Show $S = f^{-1}(f(S))$ for all subsets $S$ iff $f$ is injective

Let $f: A \rightarrow B$ be a function. How can we show that for all subsets $S$ of $A$, $S \subseteq f^{-1}(f(S))$? I think this is a pretty simple problem but I'm new to this so I'm confused.

Also, how can we show that $S = f^{-1}(f(S))$ for all subsets $S$ iff $f$ is injective?

Solution 1:

Let $x\in S$. Then $f(x)\in f(S)$, so that $x\in f^{-1}(f(S))$.

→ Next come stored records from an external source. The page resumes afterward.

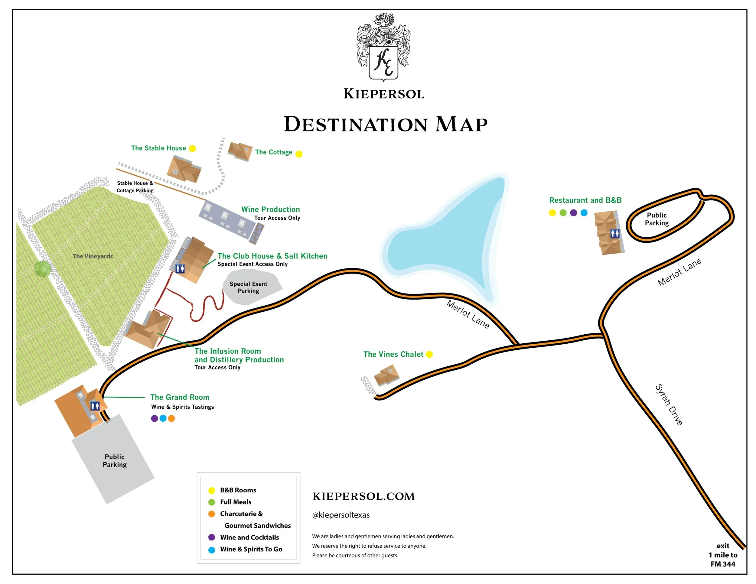 We are located south of Tyler, Texas. Make sure to use FM 344 E off US 69 to reach Kiepersol. Yes, if you are looking for the Restaurant or Grand Tasting Room for wine and spirits tastings at the vineyard, you have to travel 1 mile through the Kiepersol Estates subdivision.
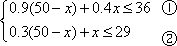七(2)班共有50名学生,老师安排每人制作一件A型或B型的陶艺品,学校现有甲种制作材料36 kg,乙种制作材料29 kg,制作A、B两种型号的陶艺品用料情况如下表:
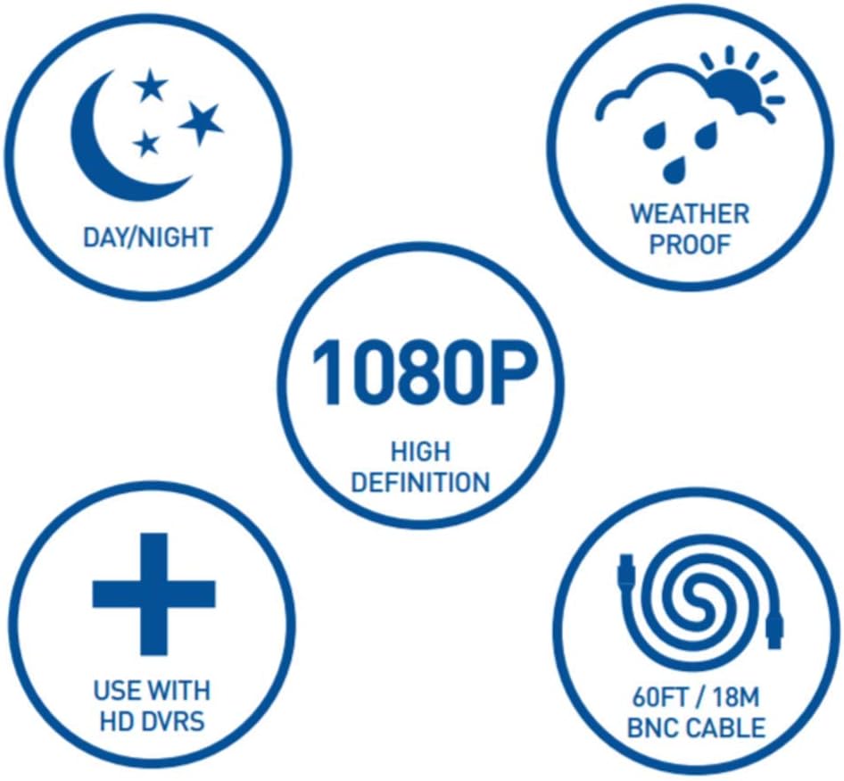 DVR CCTV BULLET SECURITY CAMERA WITH ACTIVE DETERRENCE: Provide extra surveillance to your home or business with 1080p Full HD clarity; Sensor Spotlights deter intruders and provide Color Night Vision up to 32ft and Black and White up to 100ft
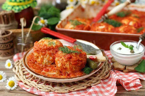 Ліниві голубці в духовці — рецепт в томатно-сметанному соусі з фото покроково

Suppose $f$ is injective. Let $x\in f^{-1}(f(S))$. Then $f(x)\in f(S)$, so that $f(x)=f(y)$ for some $y\in S$. It follows that $x=y\in S$.

Suppose $f$ is not injective. Then $f(x)=f(y)=a$ for some $x\neq y$, so that $\{x,y\}\subset f^{-1}(f(\{x\}))$. It follows that $f^{-1}(f(\{x\}))\not\subset \{x\}$.

Solution 2:

$S \subseteq f^{-1}(f(S)):$ Choose $a\in S.$ To show $a\in f^{-1}(f(S))$ it suffices to show that $\exists$ $a'\in S$ such that $a\in f^{-1}(f(a'))$ i.e. to show $\exists$ $a'\in S$ such that $f(a)=f(a').$ Now take $a=a'.$

$S = f^{-1}(f(S))$ $\forall$ $A \subset S$ $\iff f$ is injective:

• $\Leftarrow:$ Let $f$ be injective. Choose $s'\in f^{-1}(f(S))\implies f(s')\in f(S)\implies \exists$ $s\in S$ such that $f(s')=f(s)\implies s'=s$ (since $f$ is injective) $\implies s'\in S.$ So $f^{-1}(f(S))\subset S.$ Reverse inclusion has been proved earlier. Therefore $f^{-1}(f(S))= S.$

• $\Rightarrow:$ Let $f^{-1}(f(S))= S$ $\forall$ $A \subset S.$ Let $f(s_1)=f(s_2)$ for some $s_1,s_2\in S.$ Then $s_1\in f^{-1}(f(\{s_2\})=\{s_2\}\implies s_1=s_2\implies f$ is injective.